January Patriotic
Instructor Message
As we enter the new year, we are also
embarking on a celebration of sesquicentennial events, which will commemorate
the lives of our "Boys in Blue."
This month my message will look
at the events of January 1861 and the converging clouds of conflict, which
swirled and churned with the winds of fate as our nation slid toward disunion and war.
The months of December 1860 and January
1861 saw tensions mount as the deep south states of Florida, Georgia, Alabama, Mississippi,
Louisiana, and Texas joined with the
fire-eaters of South Carolina in succeeding
from the Union. In Springfield Illinois,
Abraham Lincoln took refuge from
hordes of office seekers. Working at his
brother-in-law's store he began writing what would become his first inaugural address. For references, in preparing that speech,
Lincoln used four documents: Henry Clay's 1850 Speech on compromise, Daniel
Webster's reply to Hayne, Andrew Jackson's proclamation against nullification,
and the U.S. Constitution. In analyzing
his choice of documents we can gain an insight to Lincoln's future governance
of the nation. Seek compromise if
possible, take a firms stand on principles, preserve of the union, and anchor
your policies on constitutional law. In
Lincoln's correspondence during the months of December and January we can see
how Lincoln used his beliefs in a series of initiatives and letters through
which, he sought to find a peaceful way to preserve the union.

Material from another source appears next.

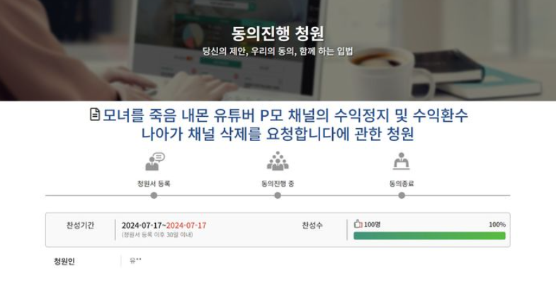 이번 청원은 30일 동안 5만 명 이상의 동의를 받으면 소관 국회 상임위원회에 회부됩니다. 현재 이 청원은 많은 사람들의 관심을 받고 있으며, 사이버렉카 유튜버들에 대한 제재 요구가 점점 커지고 있습니다. 유튜브 코리아는 이전에 유튜버 쯔양에 대한 협박 및 금품 갈취 혐의로 구제역, 전국진, 카라큘라 등의 채널에 대해 수익화 중지 조치를 내린 바 있습니다. 이번 사건 역시 비슷한 조치를 요구하는 목소리가 커지고 있습니다.
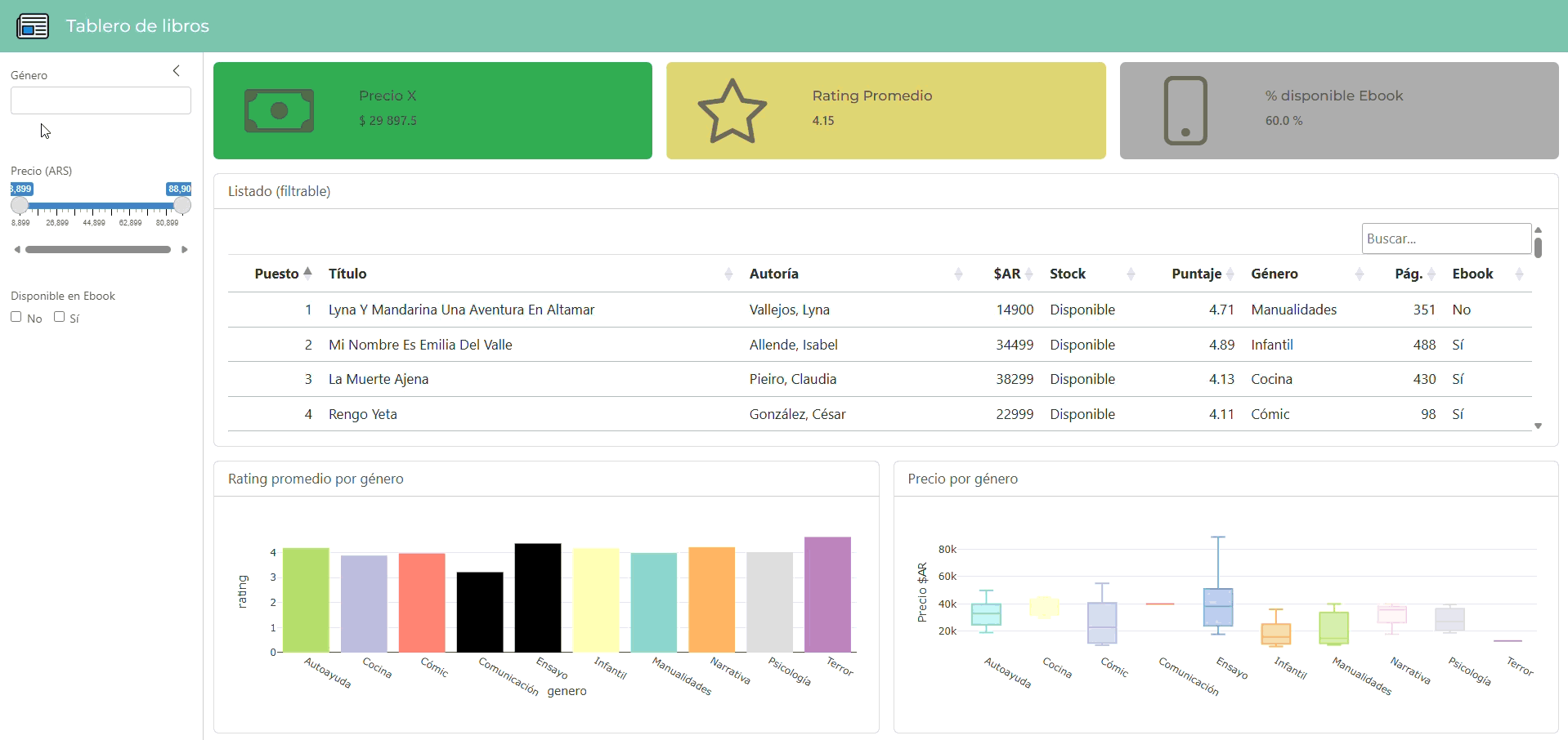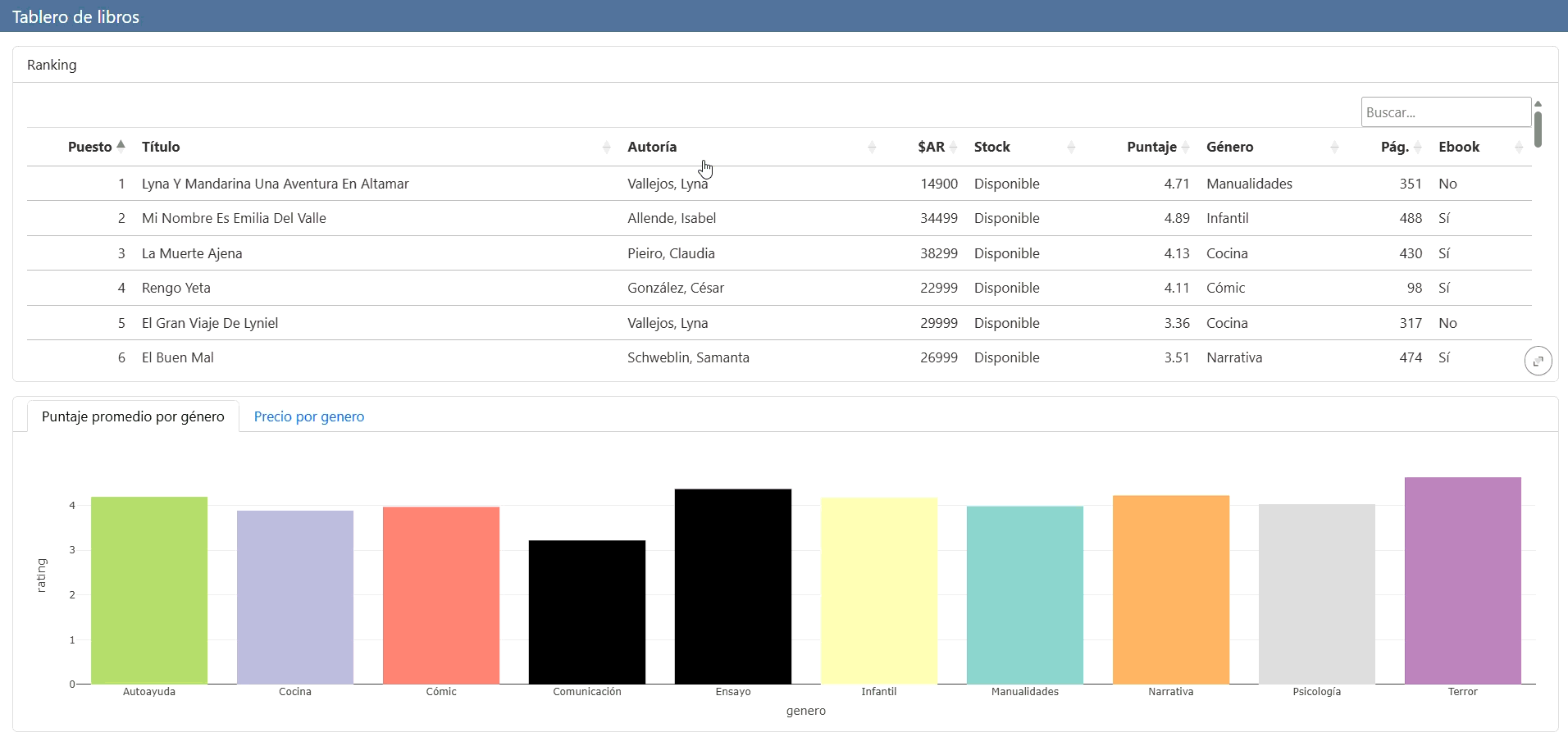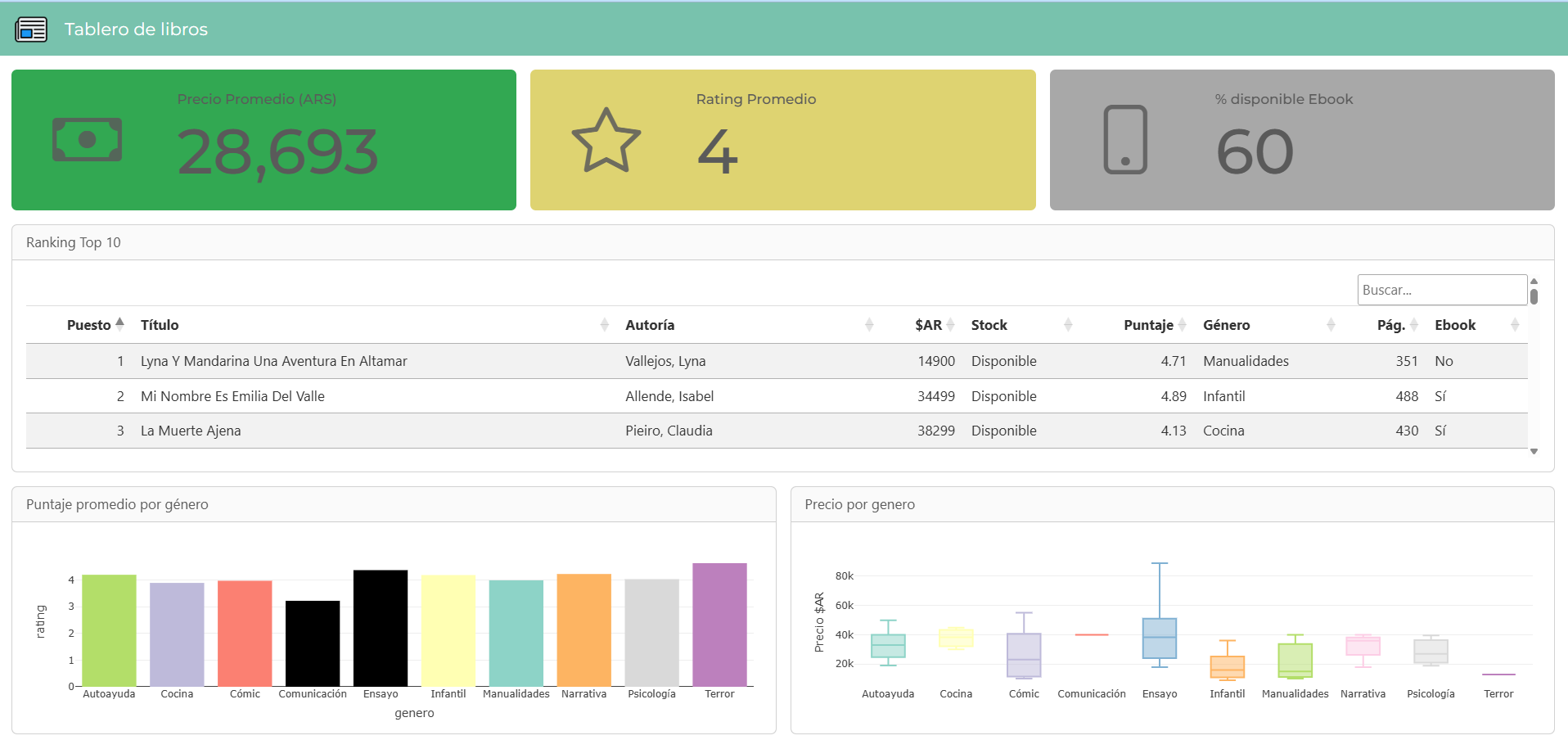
 ```{r}# Tabla en DT con librosdatatable( libros, options = list( pageLength = 10, order = list(list(0, 'asc')), # ordenamos la tabla por ranking dom = 'ftp', # solo filtro arriba (f), tabla (t) y paginación (p) language = list( searchPlaceholder = "Buscar...", search = "" # saca el texto de 'Search:' ) ), class = 'table table-striped table-hover table-sm', # usamos Bootstrap filter = "none", # sin filtros en columnas rownames = FALSE, colnames = c("Puesto","Título","Autoría","$AR","Stock","Puntaje","Género","Pág.","Ebook"))``````{r}# Grafico 1 barplot raiting promedio por géneroplot_ly( data = libros, x = ~genero, y = ~rating, type = "bar", transforms = list(list( type = "aggregate", groups = ~genero, aggregations = list( list(target = "y", func = "avg", enabled = TRUE) ) )), marker = list(color = colores), showlegend = FALSE)``````{r}# Gráfico 2 boxplot de precios por géneroplot_ly( data = libros, x = ~genero, y = ~precio, color = ~genero, colors = colores, type = "box", boxpoints = "outliers", showlegend = FALSE) %>% layout( xaxis = list(title = ""), yaxis = list(title = "Precio $AR") )```

Lincoln's correspondence from the middle of
December through January shows that he is already dealing with the number one
issue that propelled southern secession, slavery. In a letter, dated 18
December 1860, to John D. Defrees, a republican supporter, Lincoln says "I
am sorry any republican inclines to dally with Pop. Sov. [Popular Sovereignty]
of any sort. It acknowledges that
slavery has equal rights with liberty and surrenders all we have contended for.[i] Clearly Lincoln does not desire to see popular
sovereignty become the accepted policy for determining the validity of
slavery.
We can examine Lincoln's intense feeling on
the connection between Constitutional Union and personal liberty [rights] by
reviewing a fragment of his written thoughts on the idea of liberty and the foundational
nature of the constitutional union. In
the following statement Lincoln postulates that; "Without the Constitution and the Union, we
could not have attained . . . our great prosperity." Lincoln further writes that "there is
something back of these, entwining itself more closely about the human heart.
That something, is the principle of "Liberty to all"—the principle
that clears the path for all—gives hope to all—and, by
consequence, enterprise, and industry to all. The expression
of that principle, in our Declaration of Independence, was most happy, and
fortunate. Without this, as well as with it, we could have
declared our independence of Great Britain; but without it, we could
not, I think, have secured our free government, and consequent prosperity. No
oppressed, people will fight, and endure, as our fathers did,
without the promise of something better, than a mere change of masters."[ii]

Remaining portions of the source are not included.